I didn’t have to go anywhere, be anywhere, do anything, see anyone. There was no coulda, oughta, shoulda, musta, haveta, gotta.

I’d done the shopping, done the food prep, done the washing, vacuumed the house, cleaned the bathroom, washed the cat, cleaned the kitchen, done some more washing,trained, had a nanna nap, done my homework, cycled to work in order to submit my homework, cycled home again, read the next module, had brekky, snack and lunch all in good time, done my morning journal, tidied my room (!!!)  and I got the the point where I had done everything I could possibly do to avoid having nothing to do and in doing so achieved…

nothing to do.

I lay on my bed, listened to the silence and immersed myself in the moment of just being – alive, breathing, listening to my heartbeat, not thinking, not doing anything.

It was lovely.

When was the last time you had absolutely nothing to do?

You see, we surround ourselves with things and stuff and to do lists which ensure we are always run off our feet with busyness – the vast majority of us are human ‘doings’, we spend our whole lives ‘doing’ stuff.

why?

to avoid the absolute simplicity and nothingness of ‘being’.

If you’ve ever read ‘The Power of Now‘ by Eckhart Tolle, this is exactly what he’s talking about.

I had achieved momentary now-ness. Time stopped, it ceased to be a concept, it had no bearing on me at that particular point I was free from it and it was wonderful. An odd thought struck me in that moment where I was totally at peace with myself and the world and that thought had one word attached to it:

Happy.

I can’t even begin to remember I last had (time for?) such a thought.

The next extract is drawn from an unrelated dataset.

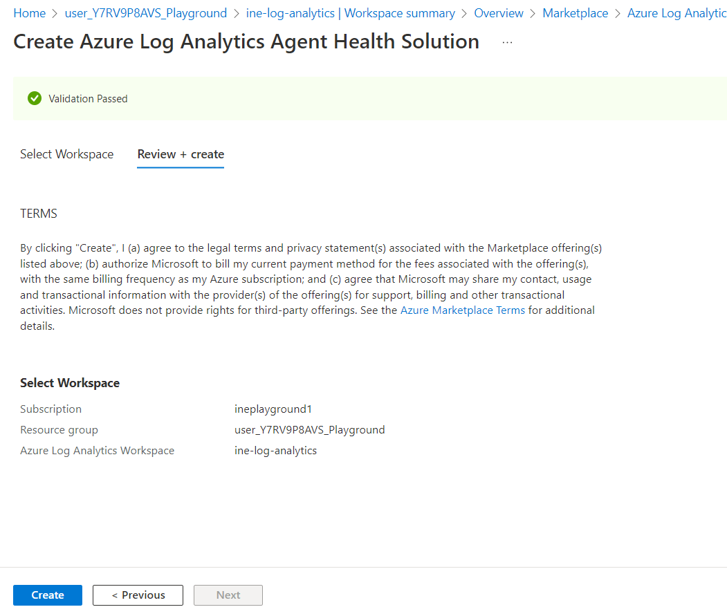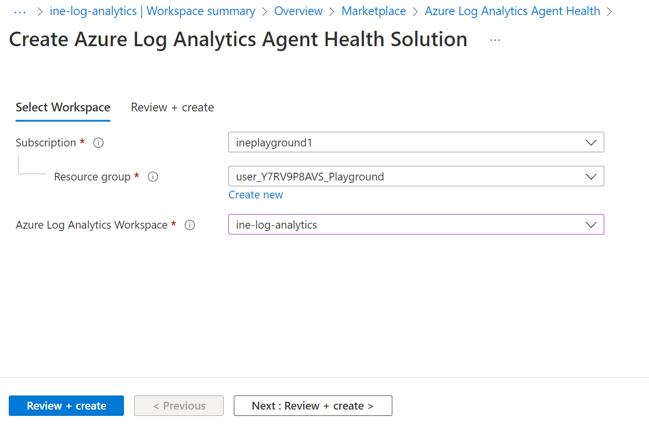 Choose the created log analytics workspace for the configuration and click on Review + create.

There is another book that delves deeper in to ‘Now’ and how you can use it to achieve or increase your levels of happiness. ‘Flow: The Psychology of Optimal Experience‘ by Mihaly Csikszentmihalyi is that book, I’m in the process of reading it now –  its a bit dry, but it explains how you can turn any situation into one that confers happiness onto you by being in a state of flow.

During flow, people typically experience deep enjoyment, creativity, and such total involvement with whatever it is they are doing at that particular moment that they temporarily transcend consciousness i.e the power of now. aka ‘in the zone’

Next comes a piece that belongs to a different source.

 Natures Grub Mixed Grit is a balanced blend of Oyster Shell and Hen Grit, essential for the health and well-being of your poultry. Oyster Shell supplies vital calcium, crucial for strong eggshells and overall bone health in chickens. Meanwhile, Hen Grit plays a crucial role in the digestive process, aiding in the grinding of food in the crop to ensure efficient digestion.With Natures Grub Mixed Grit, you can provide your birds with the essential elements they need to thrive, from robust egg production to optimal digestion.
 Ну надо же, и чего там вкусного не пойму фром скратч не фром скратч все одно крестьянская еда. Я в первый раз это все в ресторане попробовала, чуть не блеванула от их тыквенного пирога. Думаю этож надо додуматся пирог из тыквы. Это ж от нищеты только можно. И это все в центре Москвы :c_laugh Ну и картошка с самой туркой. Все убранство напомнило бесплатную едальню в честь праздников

Let me give you some examples:

When I’m photographing at a bodybuilding show I am totally in flow: I am fully focused on the bodies on stage, aware of every movement, every blink of their eyes, placement of their features, how the light and shadows play across their physique, highlighting the muscles. I’m acutely aware of how the strain of the pose pops out their veins and the sweat runs down their face. I’m staring at them through a tiny little square of glass, waiting…waiting…waiting for them to hit the peak of their pose or look directly at me so I can capture the look in their eyes and show what they’re feeling inside – the nerves, confidence or sense of accomplishment. I slow my breathing, pay deep attention to my heartbeat and wait for the perfect moment to press the button. Time means nothing, surroundings and noise fade away – its all about the moment. Yet strangely, time is also of the essence because all of this is running through my head in less than half a second as I have to get the shot and move on to the next competitor in the line and the next, and the next before the moment passes and another pose is called.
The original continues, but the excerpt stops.